Extracted data:

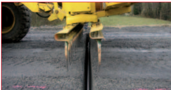
Insertion, dans le sillon, d'un joint en profilé plastique rigide, de forme sinusoïdale.
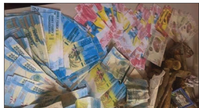
Ireo vola sandoka sarona tany Ambatolampy.
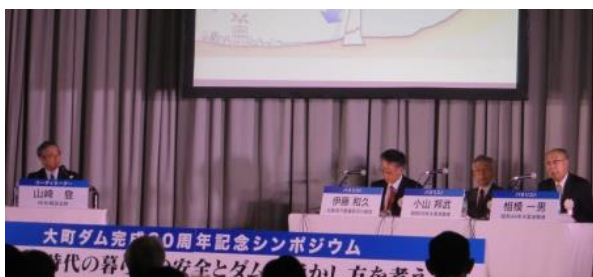
第1部「大町ダムと防災」の様子
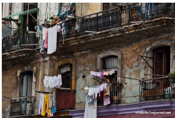
Modelo Educativo socialista
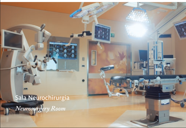
Sala Neurochirurgia Neurosurgery Room

Through the skills of our professionals, advanced technologies and mini-invasive techniques, the hospital stands out in interventional and endovascular cardiology, cardiac surgery, arrhythmology and electrophysiology, neurosurgery, diabetic foot treatment, orthopaedics and traumatology.
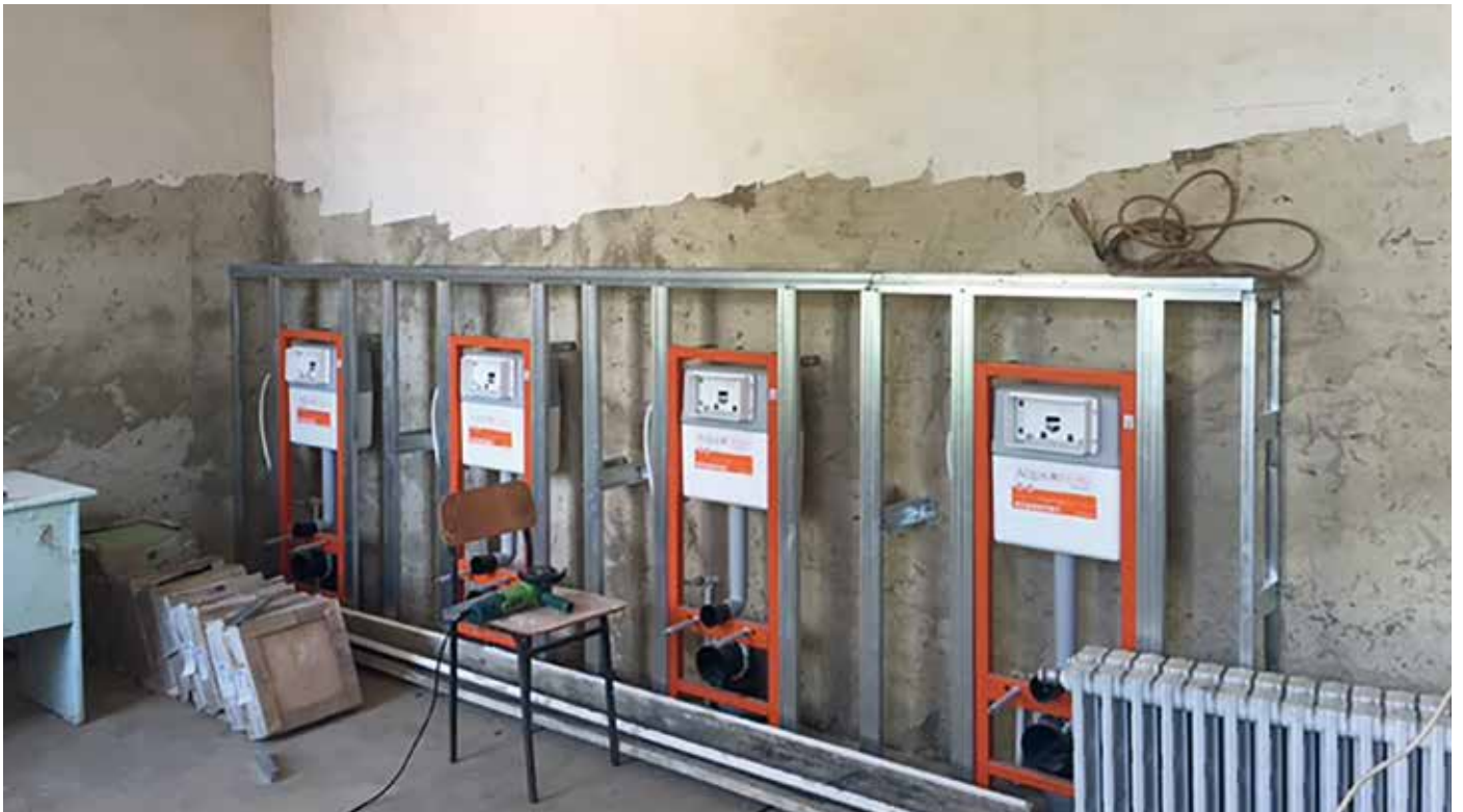
■ Fortschritt der Bauarbeiten. Es werden moderne Spülkästen installiert.
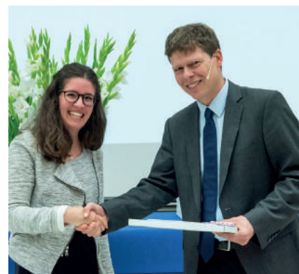
Wir halten die Diplomübergabe jeweils auch fotografisch fest.

auch später noch daran, dass sie Teil dieses weltweit tätigen Netzwerks sind.
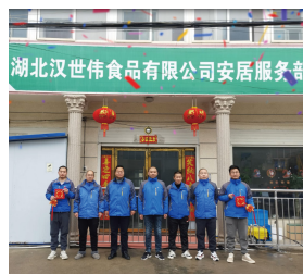
江南道大区-安居服务部
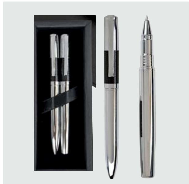
BOL 502 Set Bolígrafos Klee
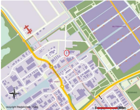
Figuur: ligging van vetsmelterij Bosland (rood omcirkeld).

1. In het plangebied ligt Vetsmelterij Sonac, Bolderweg 40.
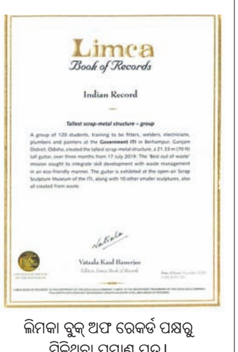
ଲିମ୍ବା ବୁକ୍ ଅଫ୍ ରେକର୍ଡ ପକ୍ଷରୁ ମିଳିଥିବା ପ୍ରମାଣ ପତ୍ର ।

ଆଇଟିଆଇ ପକ୍ଷରୁ ଆବେଦନ କରାଯାଇଥିଲା । ଏ ବାବଦରେ ମଙ୍ଗଳବାର ଲିମ୍ବା ବୁକ୍ ଅଫ୍ ରେକର୍ଡ ପକ୍ଷରୁ ସୂଚନା ମିଳିଥିଲା । ବୁକ୍ ଅଫ୍ ରେକର୍ଡ ପକ୍ଷରୁ ପ୍ରମାଣ ପତ୍ର ଆଇଟିଆଇକୁ ମିଳିଛି । ଏ ନେଇ ଆଇଟିଆଇ ଅଧ୍ୟକ୍ଷ ଡ.ରଜତ କୁମାର ପାଣିଗ୍ରାହୀ ଛାଡ଼ାଛାଡ଼ି ଓ କୃତଜ୍ଞତା ଜଣାଇଛନ୍ତି ।
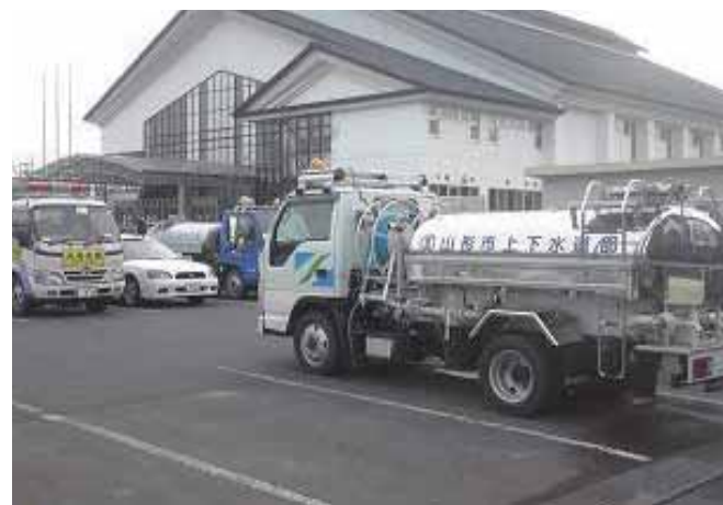
他県からの応援給水車両

本震と4月7日の余震時には正常に稼働していた保呂羽浄水場下り松取水塔の取水ポンプが、5月12日に1台、8月13日には2台が故障したことにより、市全体の25%に当たる迫川西部地区で5月に2日間、8月に3日間の断水を行った。この際には、登米市消防団に消防ポンプによる取水活動の応援を要請、災害協定締結事業体と日本水道協会の協力を得て応急給水を実施した。

What needs to be done: Exactly as written, restate the lines above from the opening line through the one holding "Sala Neurochirurgia Neurosurgery Room", omitting the pictures.

Completed task:
Insertion, dans le sillon, d'un joint en profilé plastique rigide, de forme sinusoïdale.
Ireo vola sandoka sarona tany Ambatolampy.
第1部「大町ダムと防災」の様子
Modelo Educativo socialista
Sala Neurochirurgia Neurosurgery Room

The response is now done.